**Exercise directions**
In the data below, restate exactly the lines from the one with "Bottines chelsea classiques" to the final line, both included, but not the pictures.
--- Records for this exercise Enclosed Below ---
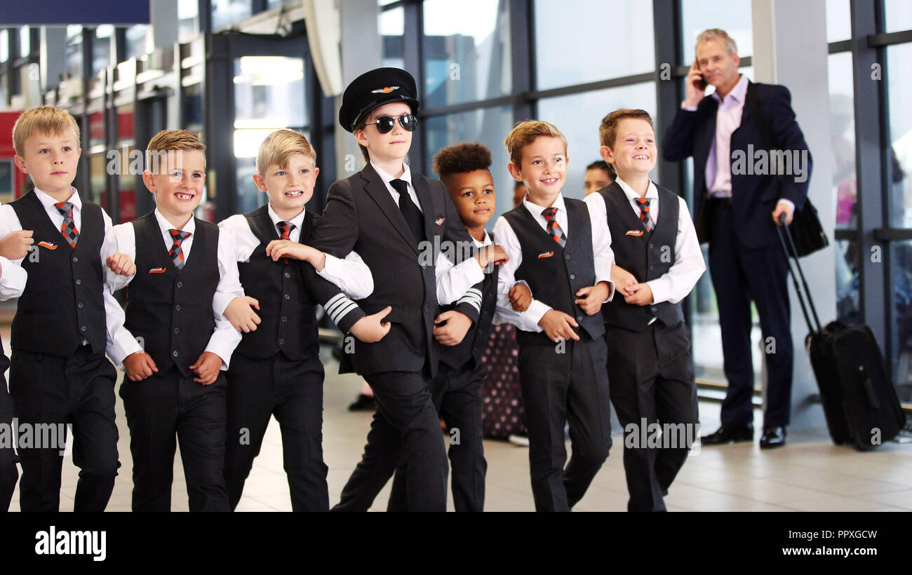 I bambini del personale easyJet ricreare una famosa scena da Hollywood cattura me se è possibile a Londra aeroporto di Southend per segnare il lancio di una campagna nazionale di ispirare più
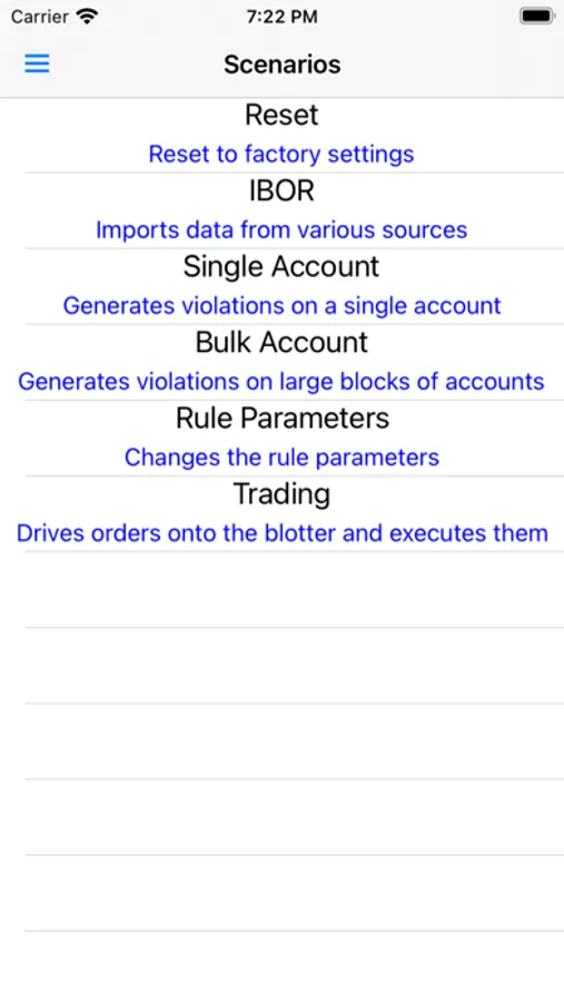 This application is part of a suite of apps for the OpenBook OMS/IBOR Engine. OpenBook Mobile can generate orders according to pre-packaged scenarios and accesses many of the functions available on the Web Server for pre-trade, post-trade and proposed order compliance checking.
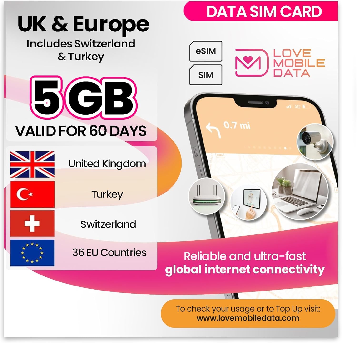 Love Mobile Data Only SIM Card 5GB 60 Days UK Europe Switzerland Turkey 4G/5G
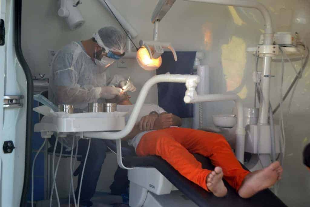 A atividade conta com cinco vans equipadas com profissionais e materiais de uso odontológico para a realização de serviços de extração e restauração. Cada van tem capacidade para atender 15 reeducandos por dia.
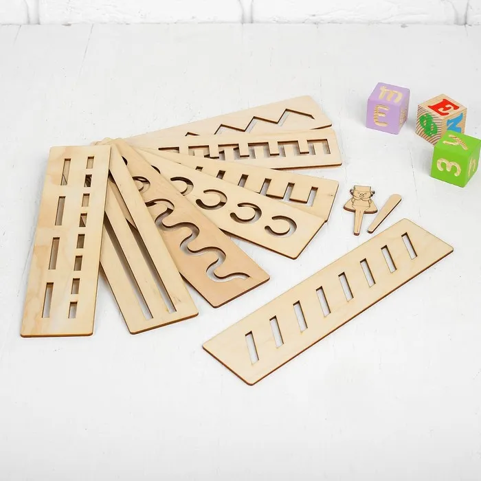 Деревянные линейки помогут ребёнку подготовить руку к письму, развить тактильное восприятие и внимательность. Упражнения с фигурками учат ориентироваться в пространстве, а тактильные задания пробуждают интерес к сенсорному познанию. Методика игры построена на естественном исследовании, что делает процесс увлекательным и полезным.
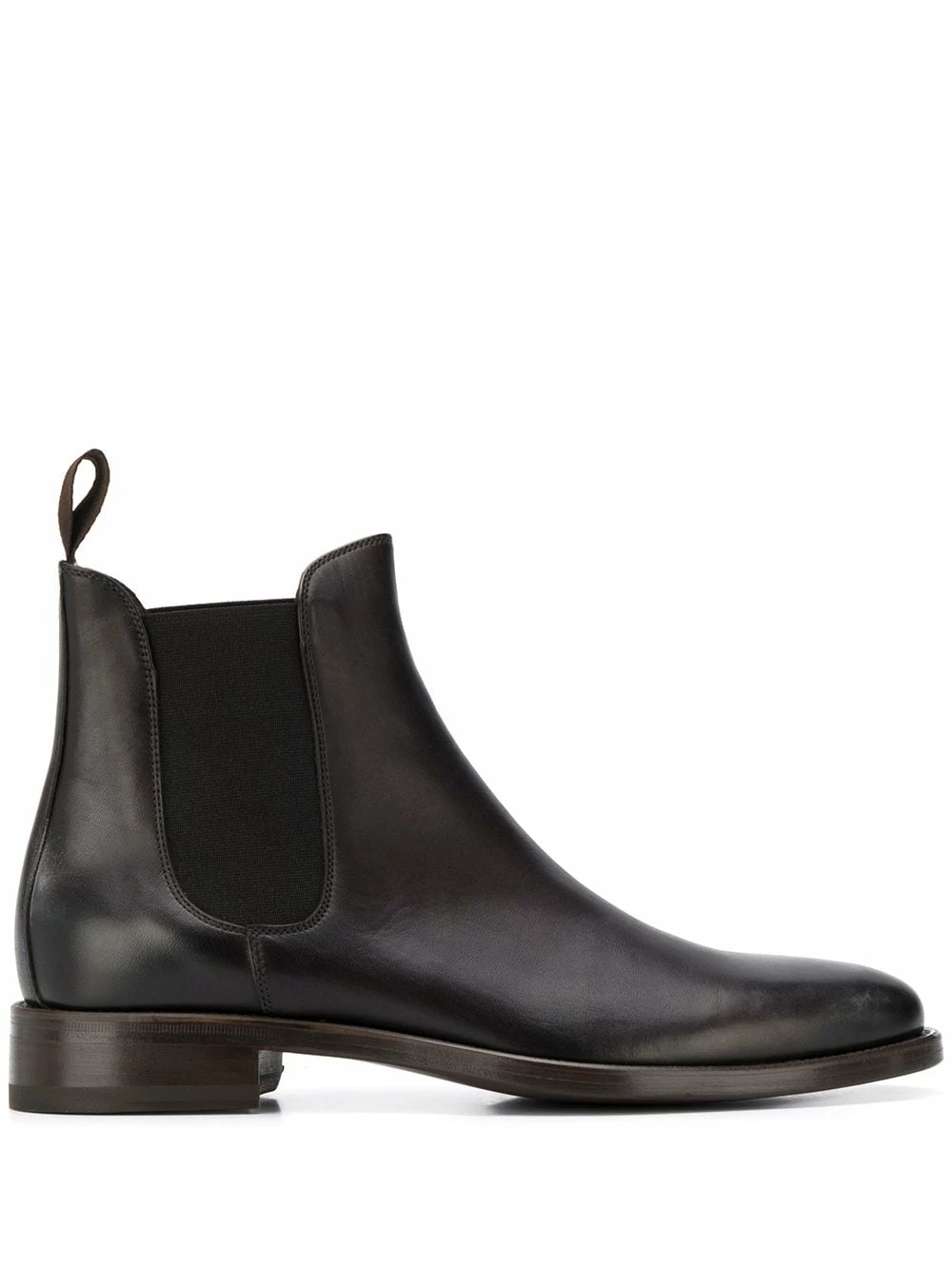 Bottines chelsea classiques en cuirs Scarosso avec languette arrière, empiècements élastiqués sur les côtés, petit talon et bout pointu. Couleur : noir.
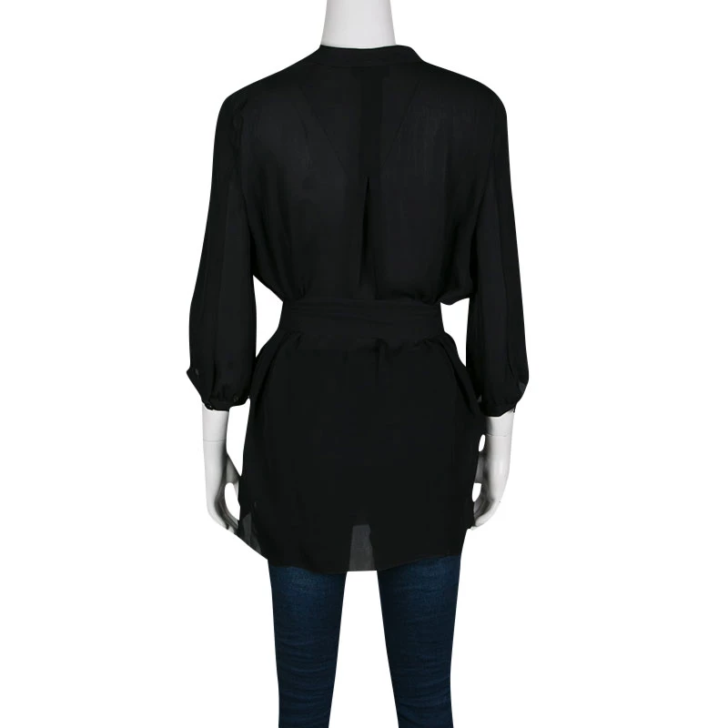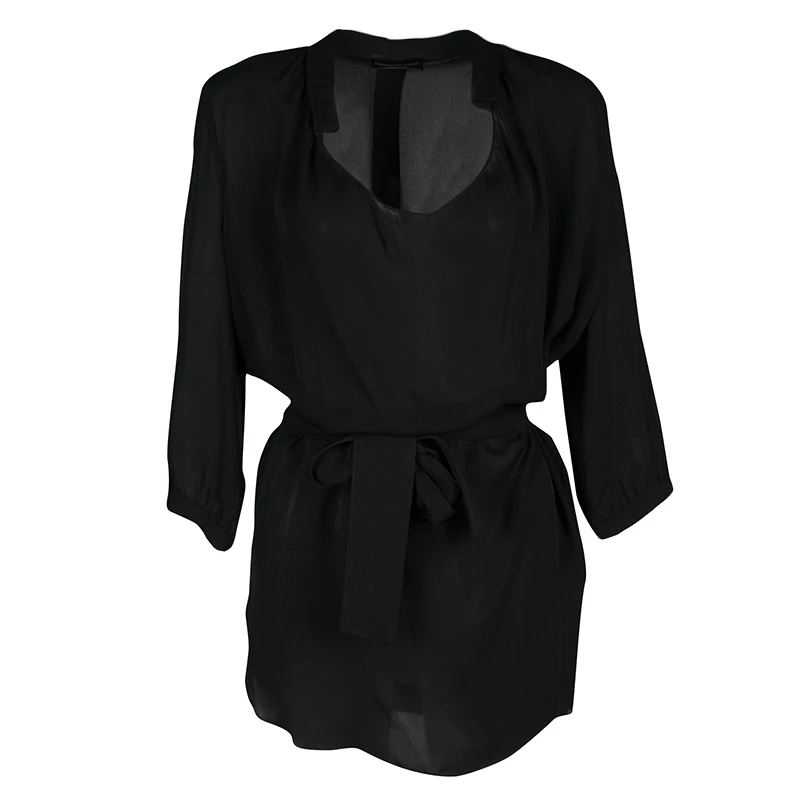Exude high style with this blouse from Emporio Armani. Cut from quality silk, the blouse has a simple design with long sleeves and a belt at the waist. You can team it with jeans or trousers and high heels.
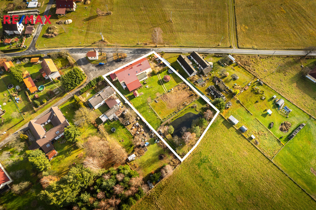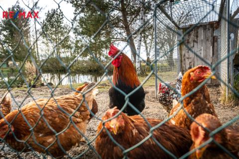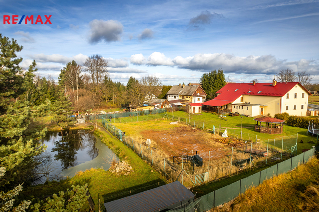 K nemovitosti náleží rozlehlý pozemek o rozloze 2.783 m2, kde je k dispozici přírodní jezírko- rybník, velký výběh pro chov slepic, altánek, pergola, udírna a garáž či dílna. Je zde dostatek prostoru pro pěstování plodin, či výstavbu dětského hřiště nebo bazénu. Rozloha pozemku nabízí v tomto směru široké využití.
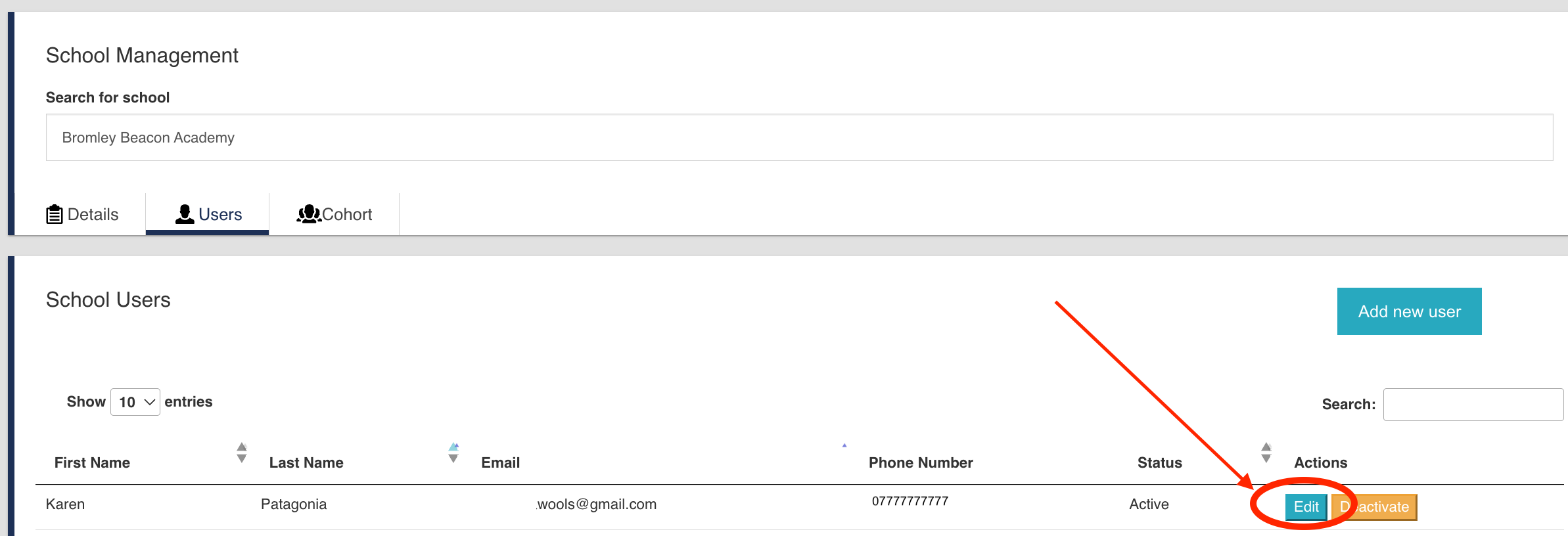 If the School Immunisation team needs to change any user details, select the user they need to amend and select "Edit":
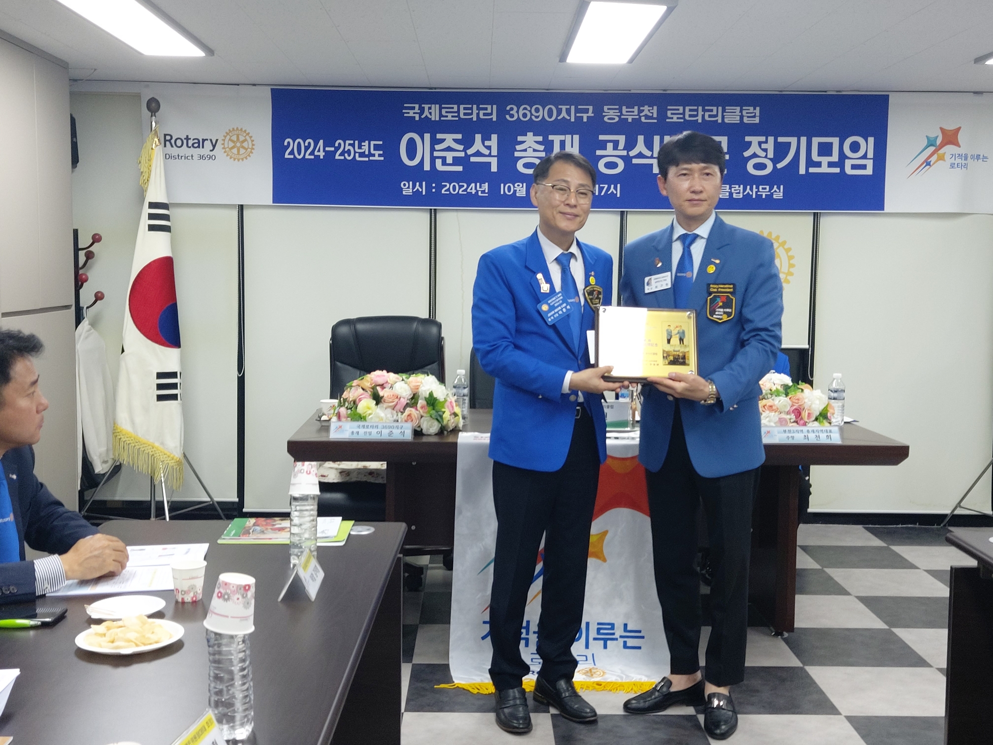 -내용: 동부천 로타리클럽(회장 백암 최구현)은 진일 이준석 총재님의 클럽공식방문을 맞이하여 회장, 총무 5대분과 위원장들과 클럽협의회를 하고 총재님과의 정기모임을 통해 회원님들과 클럽의 활성화 방안과 현안 문제에 대해 의견을 나누며 총재님의 조언을 듣는 귀한 시간을 가졌다
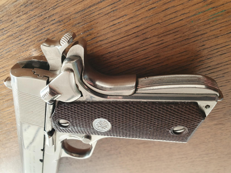Hier gibt es nun einen COLT 1911 Government von MGC/RMI, in der absolut seltenen Nickel-Ausführung! Ich habe den in all den Jahren bei Egun exakt einmal gesehen, und es war dieser hier! Seitdem ist diese Ausführung nie wieder angeboten worden! Es ist übrigens der im obigen link beschriebene!
--- End of Enclosed Records for this exercise ---
**Solution for this task**
 Bottines chelsea classiques en cuirs Scarosso avec languette arrière, empiècements élastiqués sur les côtés, petit talon et bout pointu. Couleur : noir.
Exude high style with this blouse from Emporio Armani. Cut from quality silk, the blouse has a simple design with long sleeves and a belt at the waist. You can team it with jeans or trousers and high heels.
 K nemovitosti náleží rozlehlý pozemek o rozloze 2.783 m2, kde je k dispozici přírodní jezírko- rybník, velký výběh pro chov slepic, altánek, pergola, udírna a garáž či dílna. Je zde dostatek prostoru pro pěstování plodin, či výstavbu dětského hřiště nebo bazénu. Rozloha pozemku nabízí v tomto směru široké využití.
 If the School Immunisation team needs to change any user details, select the user they need to amend and select "Edit":
 -내용: 동부천 로타리클럽(회장 백암 최구현)은 진일 이준석 총재님의 클럽공식방문을 맞이하여 회장, 총무 5대분과 위원장들과 클럽협의회를 하고 총재님과의 정기모임을 통해 회원님들과 클럽의 활성화 방안과 현안 문제에 대해 의견을 나누며 총재님의 조언을 듣는 귀한 시간을 가졌다
Hier gibt es nun einen COLT 1911 Government von MGC/RMI, in der absolut seltenen Nickel-Ausführung! Ich habe den in all den Jahren bei Egun exakt einmal gesehen, und es war dieser hier! Seitdem ist diese Ausführung nie wieder angeboten worden! Es ist übrigens der im obigen link beschriebene!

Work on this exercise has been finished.